Dans cet édito, je vais vous compter l’histoire d’un de mes amis : c’est un lapin orange (et oui, personne n’est parfait).

C’est un lapin du cru… il connaît bien notre vallée et ses montagnes pour y avoir grandi… et il les aime.

Son histoire va vous permettre de suivre, pour la première fois, une de ses aventures dans le massif de Belledonne, et si vous êtes comme moi, de vous y attacher.

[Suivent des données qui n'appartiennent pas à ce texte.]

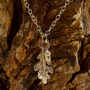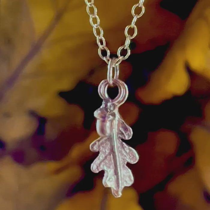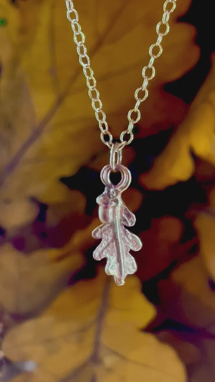 Oak leaf and Acorn pendant. Hand made with engraved veins and an organic texture created through a heat process called reticulation. Suspended on a fine linked trace chain
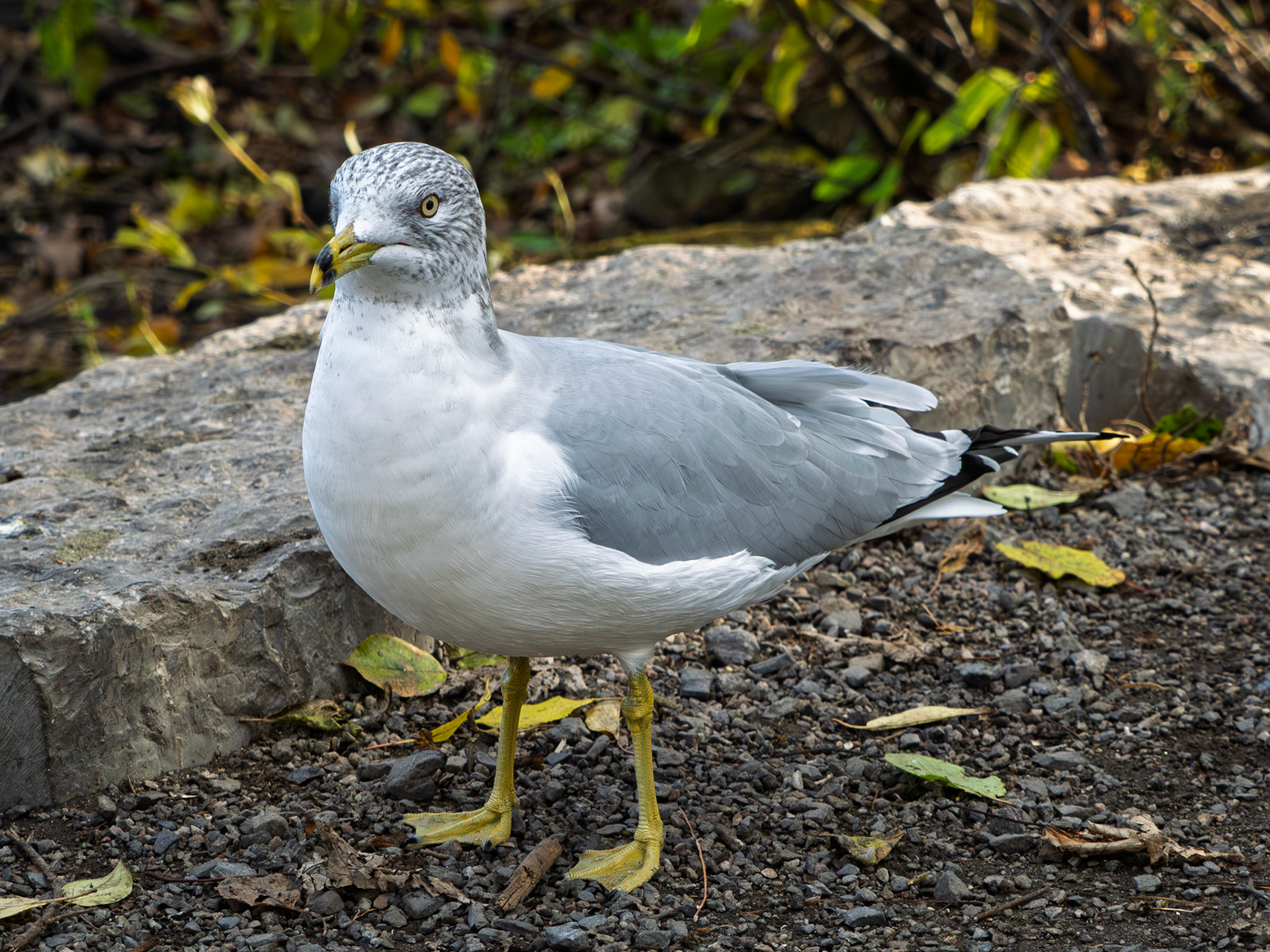 Some of the visitors were feeding the ducks at the usual "duck rocks" which was bringing in ring-billed gulls. I tried my best to video the gulls, but failed miserably. The lenses on both cameras were not wide-angle enough. I should have used my cell phone.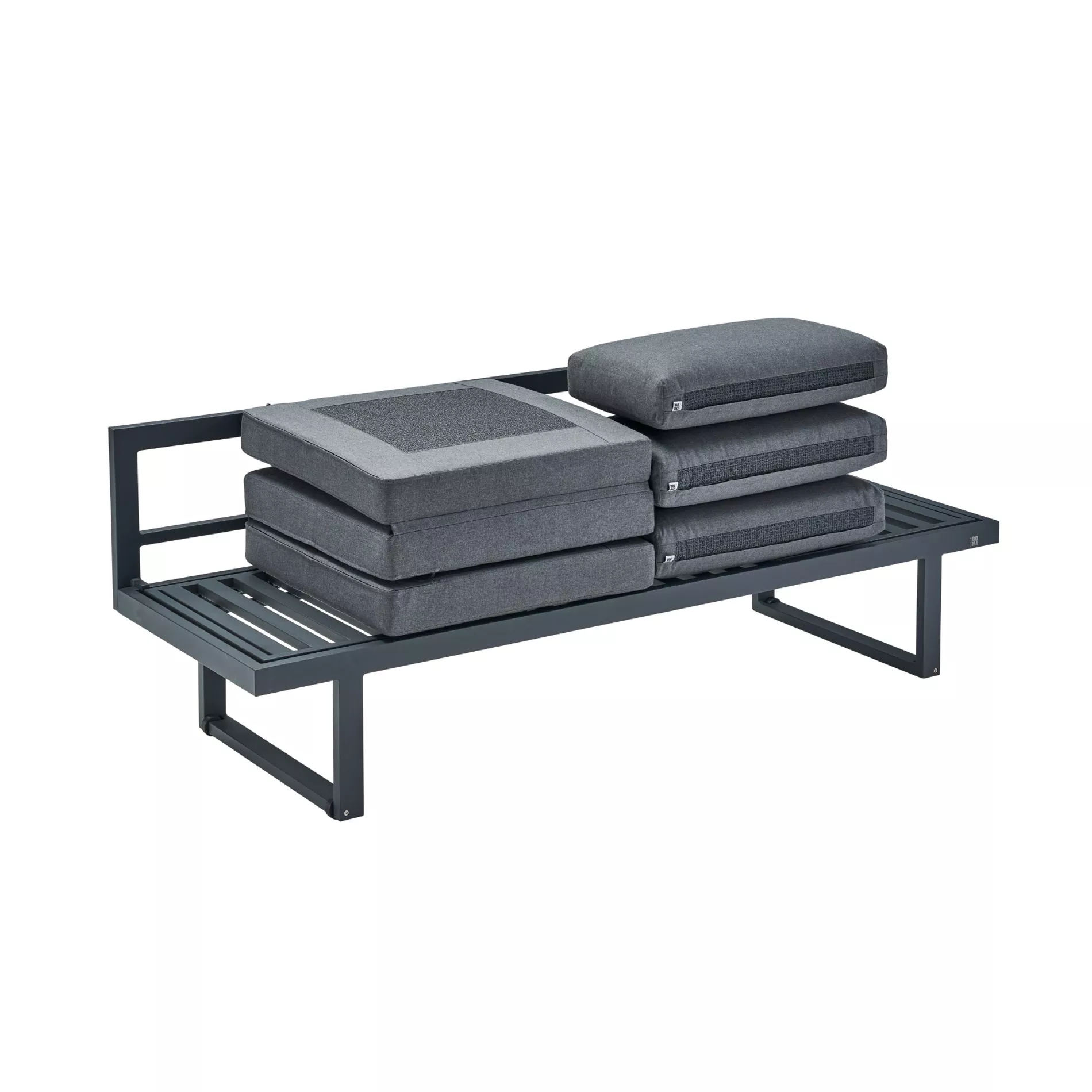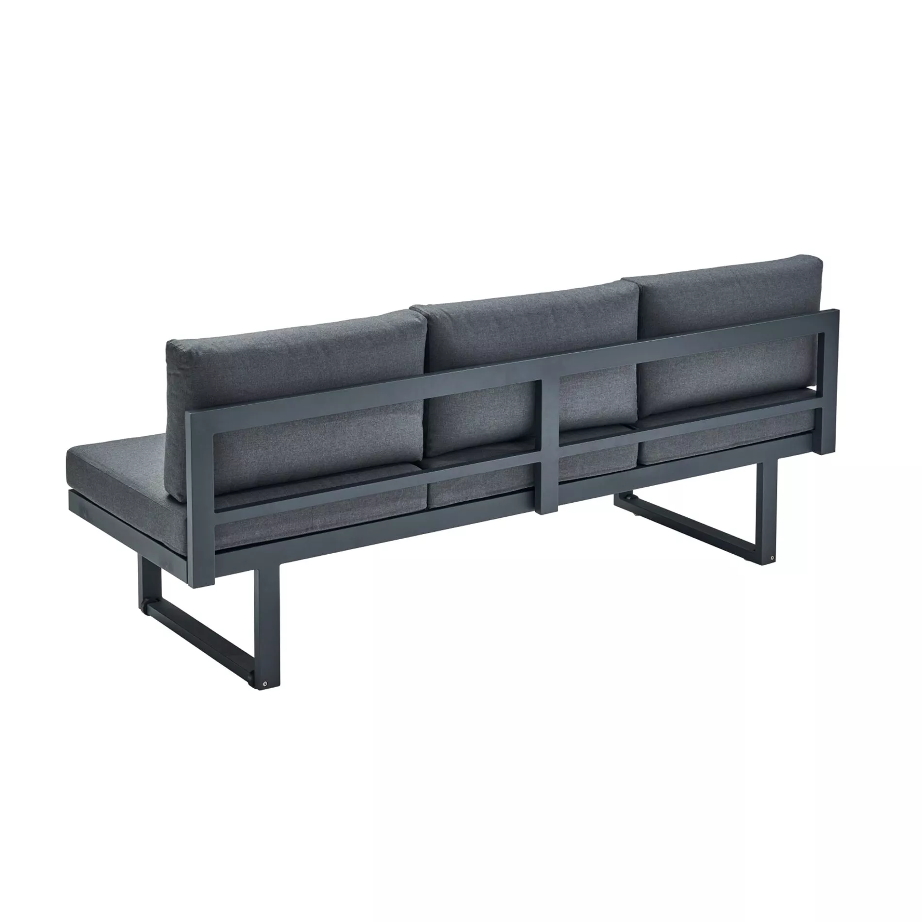 Das Gestell des 3-Sitzers besteht aus pulverbeschichtetem anthrazitfarbenem Aluminium, einem äußerst robusten, aber dennoch vergleichsweise leichten Metall. Aluminium ist von Natur aus resistent gegen Korrosion und eignet sich daher hervorragend für den Einsatz im Freien. Dadurch erfordert es nur minimalen Pflegeaufwand. Die DuPont® Pulverbeschichtung verleiht dem Gestell eine seidenmatte Farbgebung und schützt die Oberfläche gleichzeitig vor Witterungseinflüssen.

Lorsque le lapin orange a décidé de partir en montagne, c’était un de ces jeudis à Fond de France… ces soirs de marché bien arrosés où la liesse ne laisse aucun doute à la capacité de réaliser des exploits !

Quelques-uns d’entre nous ont bien essayé de l’en dissuader : le temps annoncé pour le lendemain (orages et fortes pluies) ne laissait rien présager de bon.

Malgré nos avertissements, le lapin orange, sûr de lui, nous quittait en plein milieu de la fête pour aller se coucher, prêt à affronter les montagnes…  il était environ 23 heures.

A 4 heures et demi, le lendemain matin, le lapin orange se levait.

Le temps de préparer quelques affaires : un sac à dos, un peu de nourriture et une tente ; il était parti !

A 5 heures 25, il était déjà arrivé à l’embranchement des 2 Ruisseaux, à 1500 mètres d’altitude.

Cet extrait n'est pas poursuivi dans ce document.